Granville Sharpe, of the Ordnance Department, resigned rather than forward military stores to America.
Admiral Keppel formally requested not to be employed against America.
Lord Effingham resigned, when advised that his regiment had been ordered to America.
John Wesley, who had visited America many years before with his brother, and understood the character of the Colonists, at once recalled the appeal once made to the British government by General Gage during November, 1774, when he “was confident, that, to begin with, an army of twenty thousand men would, in the end, save Great Britain both blood and treasure,” and declared, “Neither twenty thousand, forty thousand, nor sixty thousand can end the dawning struggle.”
During the summer of 1774 militia companies had been rapidly organized throughout the Colonies. New England especially had been so actively associated with all military operations during the preceding French and Indian wars, that her people more readily assumed the attitude of armed preparation for the eventualities of open conflict.

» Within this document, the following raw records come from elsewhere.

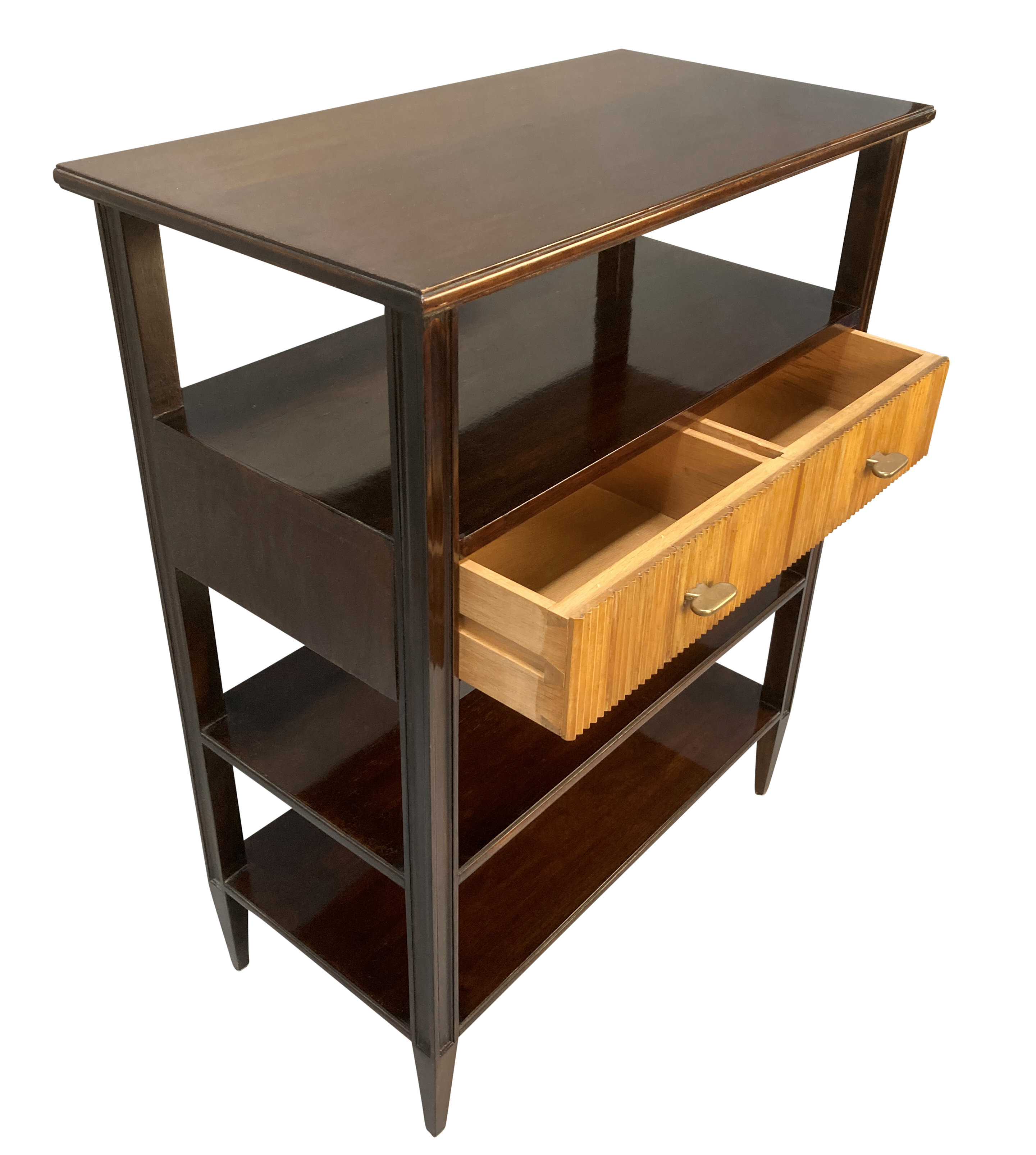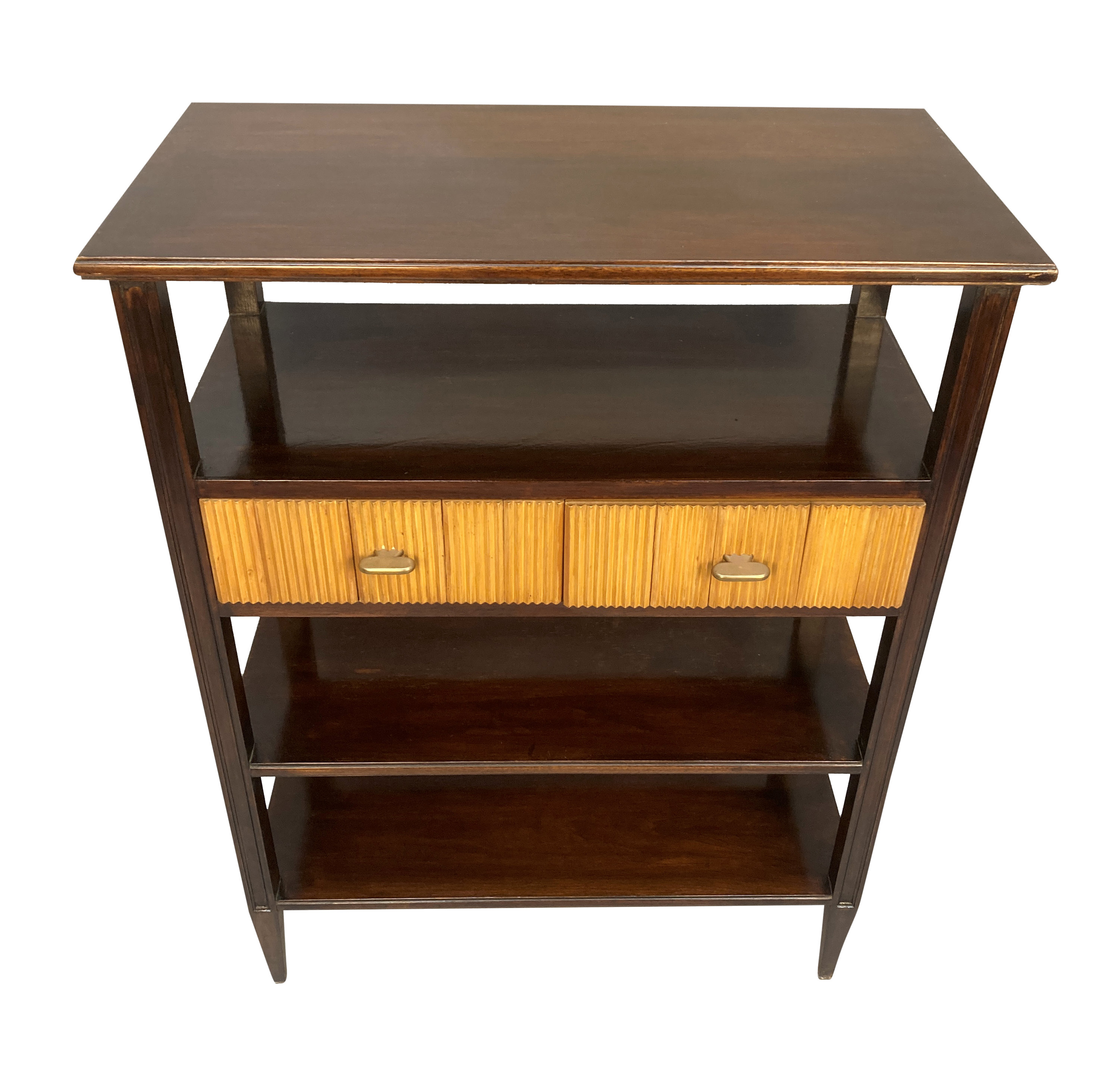 An Italian Mid-Century stained beechwood etagere, with a lower shelf and two tambor fronted fruitwwod drawers with brass handles.
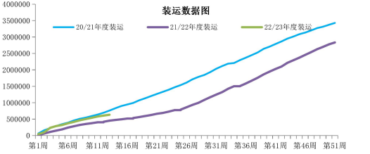 據美國農業部公布的美棉周度出口數據顯示,截至11月3日當周,美國2022/23年度陸地棉凈簽約33067噸,較前一周減少24%;裝運陸地棉24517噸,較前一周減少9%。美棉出口數據環比有所下降。截至2022年11月3日,美國累計凈簽約出口2022/23年度棉花201.4萬噸,達到年度預期出口量的73.99%,累計裝運棉花63.5萬噸,裝運率31.50%。其中陸地棉簽約量為199.0萬噸,裝運62.9萬噸,裝運率31.61%。皮馬棉簽約量為2.4萬噸,裝運0.5萬噸,裝運率22.75%。
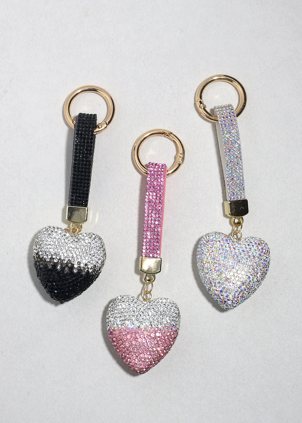 Sparkly accessories lovers, cute bag charms, heart keychains, trendy key accessories, and giftable fashion finds.
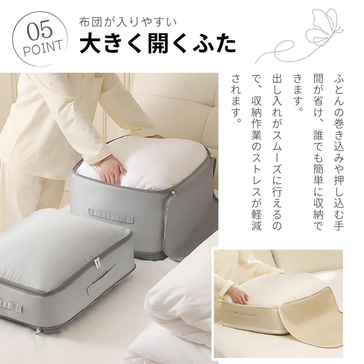 圧縮袋のふたが大きく開くため、ふとんを簡単に入れることができます。ストレスなく収納できるので、忙しい日常でも手間がかかりません。
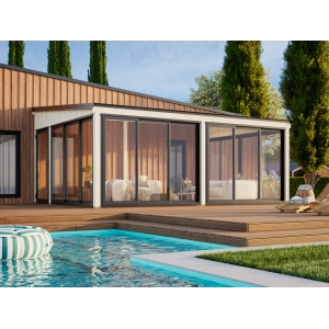 Kesähuone Saaga 23,3 m² alumiiniliukuovilla ja kulkuovella UUTUUS !
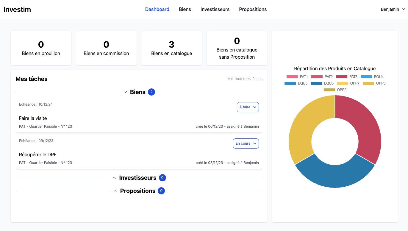 Investim est un outil SaaS conçu spécifiquement pour les conseillers en placement immobilier, visant à simplifier l’accompagnement des investissements. Il offre la possibilité de créer un catalogue personnalisé de biens, de suivre les investisseurs et de proposer des opérations adaptées à leurs besoins. Le conseil plus fluide et plus précis, favorisant ainsi des décisions d'investissement éclairées.
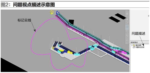 4.參照后的項目文件中具有尺寸量取、問題視點標記等功能,方便問題內(nèi)容的傳遞,且在復雜系統(tǒng)中能快速切換到標心的視圖中(如圖2)。

Virginia had experienced similar conditions on a less extended and protracted basis. The action of the First Continental Congress on the fifth day of September, 1774, when, upon notice that Gage had fortified Boston, it made an unequivocal declaration of its sympathy with the people of Boston and of Massachusetts, changed the character of the struggle from that of a local incident, to one that demanded organized, deliberate, and general resistance.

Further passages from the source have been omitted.